Pertandingan ini menjadi kesempatan bagi kedua tim untuk meraih kemenangan pertama setelah sama-sama membuka musim dengan hasil imbang tanpa gol.
Celta bermain 0-0 saat bertandang ke markas Valencia, sedangkan Osasuna juga ditahan Levante dengan skor serupa. Karena itu, duel di Balaídos diperkirakan menjadi pertarungan menarik antara penguasaan bola Celta dan permainan lebih langsung milik Osasuna.
Celta Andalkan Penguasaan Bola
Di bawah Claudio Giráldez, Os Celestes dikenal mengandalkan sirkulasi bola dan pergerakan dinamis untuk membangun serangan.
Saat menghadapi Valencia, Celta mencatat sekitar 56 persen penguasaan bola. Namun, dominasi tersebut belum sepenuhnya menghasilkan peluang berkualitas.
Persoalan di sepertiga akhir lapangan menjadi pekerjaan rumah Celta. Bermain di hadapan pendukung sendiri, mereka perlu meningkatkan penetrasi sekaligus efektivitas penyelesaian akhir.
Pergerakan pemain dari lini kedua dan pemanfaatan ruang di half-space berpotensi menjadi kunci untuk membongkar pertahanan Osasuna.
Osasuna Punya Ancaman dari Bola Mati
Osasuna membawa pendekatan yang lebih direct. Saat menghadapi Levante, Los Rojillos melepaskan 12 tembakan dan tujuh di antaranya tepat sasaran.
Volume serangan tersebut menunjukkan kemampuan Osasuna menciptakan tekanan. Namun, efektivitas menjadi persoalan setelah mereka gagal mencetak gol.
Bola mati juga layak mendapat perhatian. Dengan pemain seperti Ante Budimir yang kuat dalam duel udara, situasi sepak pojok dan tendangan bebas dapat menjadi salah satu senjata utama Osasuna.
Budimir Jadi Ancaman Utama
Ante Budimir memiliki catatan bagus ketika menghadapi Celta. Penyerang Kroasia itu telah mencetak enam gol dalam 13 pertemuan melawan Os Celestes.
Bahkan, Budimir mencetak gol ketika Osasuna menang 2-1 di Balaídos pada Februari 2026.
Catatan tersebut membuat lini belakang Celta harus memberikan perhatian ekstra, terutama dalam mengantisipasi crossing, second ball, dan situasi bola mati.
Gol Pertama Bisa Menentukan
Salah satu aspek penting dalam laga ini adalah siapa yang mampu mencetak gol lebih dahulu.
Jika Celta membuka keunggulan, Osasuna dipaksa bermain lebih terbuka. Kondisi tersebut dapat menciptakan ruang bagi serangan kombinasi tuan rumah.

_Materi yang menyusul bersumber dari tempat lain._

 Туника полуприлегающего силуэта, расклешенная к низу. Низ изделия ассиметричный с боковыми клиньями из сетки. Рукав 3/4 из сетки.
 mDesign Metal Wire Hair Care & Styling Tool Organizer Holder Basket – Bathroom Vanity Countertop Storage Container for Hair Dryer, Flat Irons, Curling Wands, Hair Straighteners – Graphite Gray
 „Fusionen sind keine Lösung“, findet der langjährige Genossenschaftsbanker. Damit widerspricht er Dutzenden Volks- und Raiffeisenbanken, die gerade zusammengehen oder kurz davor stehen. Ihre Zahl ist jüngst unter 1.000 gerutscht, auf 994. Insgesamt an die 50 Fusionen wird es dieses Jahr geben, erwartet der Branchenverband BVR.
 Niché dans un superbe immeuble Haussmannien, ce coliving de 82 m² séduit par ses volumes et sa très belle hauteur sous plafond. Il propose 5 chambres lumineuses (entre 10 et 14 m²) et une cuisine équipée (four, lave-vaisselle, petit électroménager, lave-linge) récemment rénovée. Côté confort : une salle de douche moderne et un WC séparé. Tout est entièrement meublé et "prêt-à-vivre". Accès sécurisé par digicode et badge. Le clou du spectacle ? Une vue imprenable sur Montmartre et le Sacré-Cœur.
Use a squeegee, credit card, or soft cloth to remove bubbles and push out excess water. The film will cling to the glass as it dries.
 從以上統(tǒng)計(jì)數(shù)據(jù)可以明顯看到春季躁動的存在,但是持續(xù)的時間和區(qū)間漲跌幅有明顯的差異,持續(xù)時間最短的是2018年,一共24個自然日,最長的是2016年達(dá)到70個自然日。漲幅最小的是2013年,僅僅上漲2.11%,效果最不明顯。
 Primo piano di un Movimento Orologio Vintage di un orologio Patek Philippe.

Sebaliknya, keunggulan Osasuna bisa mengubah pertandingan menjadi skenario yang lebih menguntungkan Los Rojillos. Celta harus meningkatkan intensitas serangan, sementara Osasuna dapat menunggu kesempatan melalui transisi cepat.
Karena kedua tim sama-sama belum mencetak gol pada laga pembuka, gol pertama berpotensi memiliki pengaruh besar terhadap jalannya pertandingan.
Duel Kontrol vs Efisiensi
Celta kemungkinan lebih dominan dalam possession, sementara Osasuna berpotensi mengandalkan serangan langsung, crossing, dan bola mati.

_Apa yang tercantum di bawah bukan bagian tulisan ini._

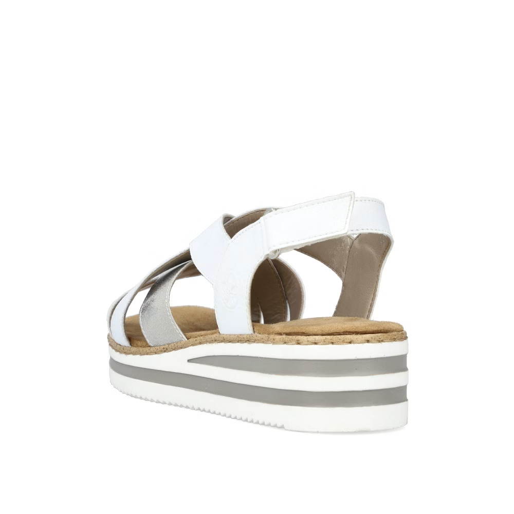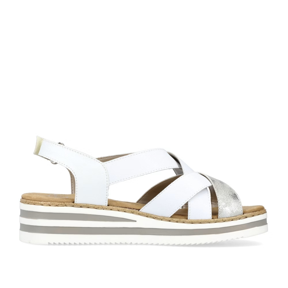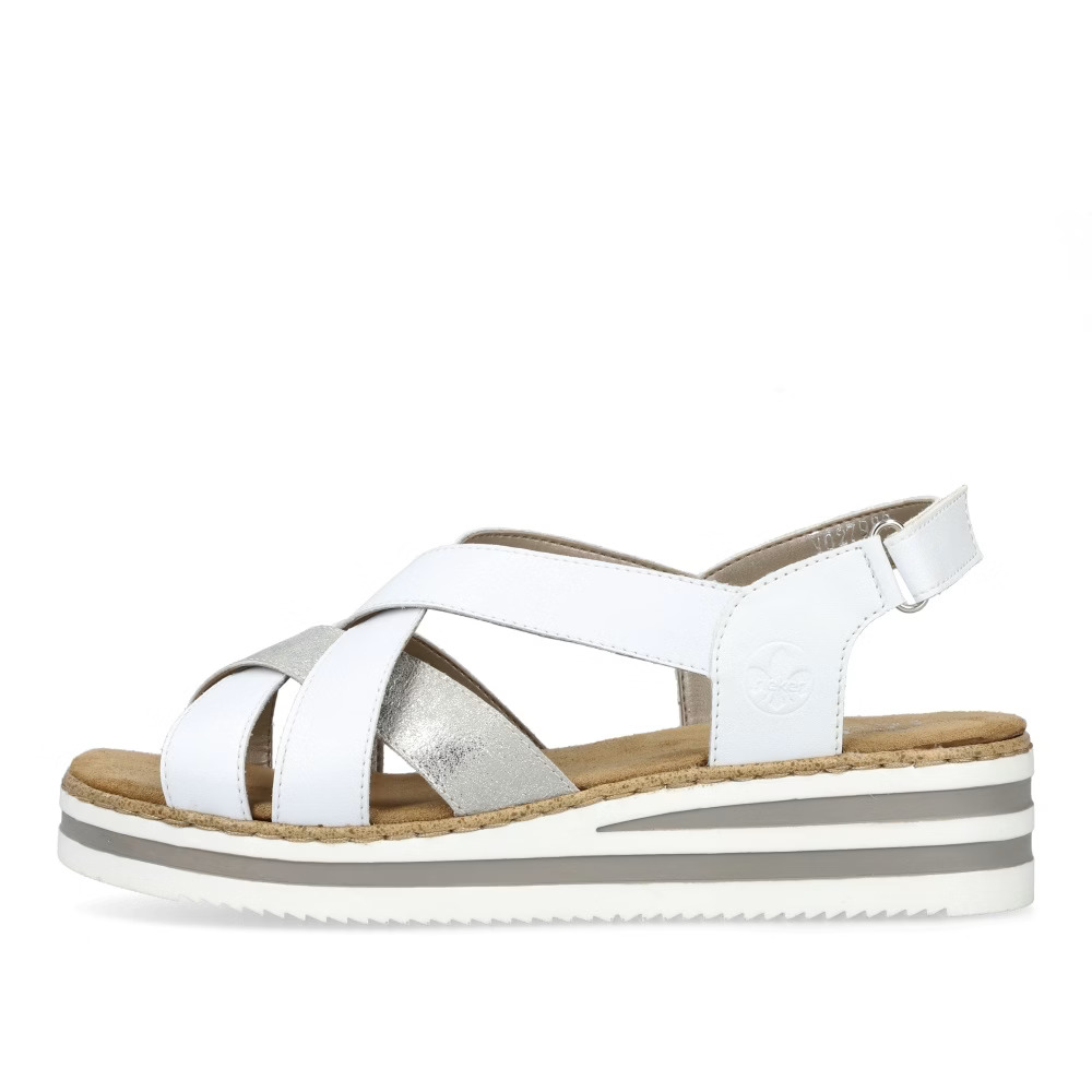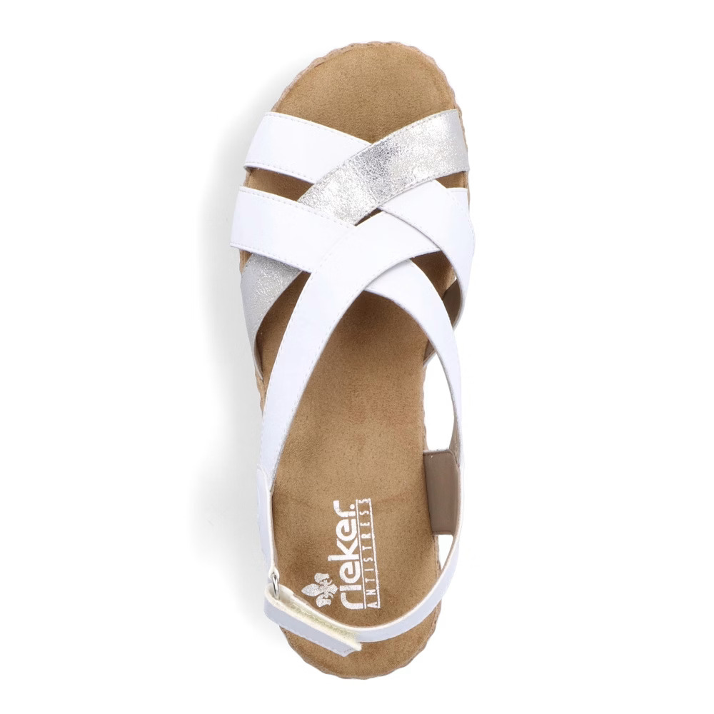 Stylové dámské sandálky značky RIEKER vylepší každý Váš outfit. Pásky jsou přes nárt stylově překříženy a zapínáním na suchý zip si obuv pohodlně přizpůsobíte dle svých požadavků. Měkká stélka je vyrobena z příjemného materiálu a podešev svým provedením a výškou dolaďuje celkový vzhled k dokonalosti. Tento model bude skvěle vypadat se sukněmi či dlouhými šaty.Technologie: Antistress – podešev je díky této technologii lehká, flexibilní, absorbuje nárazy při došlapu a snadno se přizpůsobí každé noze.

Pertarungan di lini tengah pun menjadi krusial. Celta harus mampu menjaga penguasaan sekaligus mencegah kehilangan bola yang dapat membuka ruang bagi transisi Osasuna.

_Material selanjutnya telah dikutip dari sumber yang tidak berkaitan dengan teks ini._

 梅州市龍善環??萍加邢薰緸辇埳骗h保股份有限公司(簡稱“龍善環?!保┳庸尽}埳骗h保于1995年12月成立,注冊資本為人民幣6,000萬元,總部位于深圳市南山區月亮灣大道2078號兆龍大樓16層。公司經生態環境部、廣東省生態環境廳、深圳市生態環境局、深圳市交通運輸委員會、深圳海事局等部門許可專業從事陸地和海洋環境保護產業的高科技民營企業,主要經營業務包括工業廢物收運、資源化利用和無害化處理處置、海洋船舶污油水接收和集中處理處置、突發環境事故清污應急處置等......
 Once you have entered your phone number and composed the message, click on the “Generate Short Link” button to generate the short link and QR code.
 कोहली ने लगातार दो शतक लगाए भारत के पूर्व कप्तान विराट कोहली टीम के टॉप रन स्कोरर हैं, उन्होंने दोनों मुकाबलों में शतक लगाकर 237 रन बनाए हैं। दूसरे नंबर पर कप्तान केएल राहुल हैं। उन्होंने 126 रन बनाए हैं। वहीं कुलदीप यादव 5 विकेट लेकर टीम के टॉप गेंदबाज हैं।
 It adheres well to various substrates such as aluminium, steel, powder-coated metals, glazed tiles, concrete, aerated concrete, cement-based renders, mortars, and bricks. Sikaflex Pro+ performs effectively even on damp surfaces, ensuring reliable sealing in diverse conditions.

Di sisi lain, Los Rojillos perlu memanfaatkan setiap kesempatan ketika berhasil melewati pressing Celta.
Pada akhirnya, duel di Balaídos bukan hanya soal siapa yang lebih banyak menguasai bola. Efektivitas di sepertiga akhir, kualitas transisi, serta kemampuan memanfaatkan bola mati dapat menjadi faktor penentu kemenangan.